Civilians continued to flee areas of northeastern Ukraine under heavy shelling by Russian forces, the Ukrainian officials said, warning that their troops had to contain relentless assaults and that the situation on the ground could change fast.

Gen. Kyrylo Budanov, the head of Ukraine’s military intelligence agency, told Ukrainian television on Tuesday that conditions in the area under attack were moving “toward stabilization,” with additional Ukrainian units being rushed in to repel Russian advances. But he added that “the situation is quite tense and is changing very quickly.”

Ukraine’s General Staff said around midday Wednesday that Russian forces had “not carried out active operations since the beginning of the day” in the northeast. But it acknowledged a few hours earlier that Ukrainian troops had withdrawn from positions near two villages to avoid further casualties, allowing Russian forces to move in.

The assessments by the Ukrainian officials and analysts appeared to be supported by open-source maps of the battlefield compiled by independent groups analyzing combat footage. Those maps showed that Russian troops had gained a foothold in two settlements in the past day, a slower rate of advance than before, when they were capturing up to five settlements a day.

Russia’s Ministry of Defense said on Wednesday that it had captured two settlements in the northeast, as well as the village of Robotyne in the south. The claims could not be independently confirmed, and did not match what the open-source maps showed.

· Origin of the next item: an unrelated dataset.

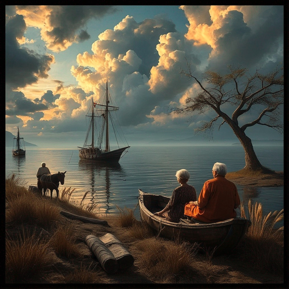 An elderly couple sits by the lake, watching sailing ships at dusk, with a serene sky above and a dog by their side.

Robotyne was recaptured by Ukrainian troops last summer, in one of the few gains of Ukraine’s unsuccessful counteroffensive at the time. Should it fall back into Russian hands, it could deal a blow to the morale of the Ukrainian Army.

The two villages where Russia has gained a foothold are Lukyantsi and Vovchansk, which lie along Russia’s two lines of attack in the region — one immediately north of the large city of Kharkiv and the other a dozen miles to the east.

Oleksiy Kharkivskiy, the police chief in Vovchansk, confirmed on Wednesday that Russian troops had taken positions in several streets in the village. “Active fighting is ongoing” and the situation “is extremely difficult,” he said in a video published on Facebook from the village, in which heavy gunfire could be heard in the background.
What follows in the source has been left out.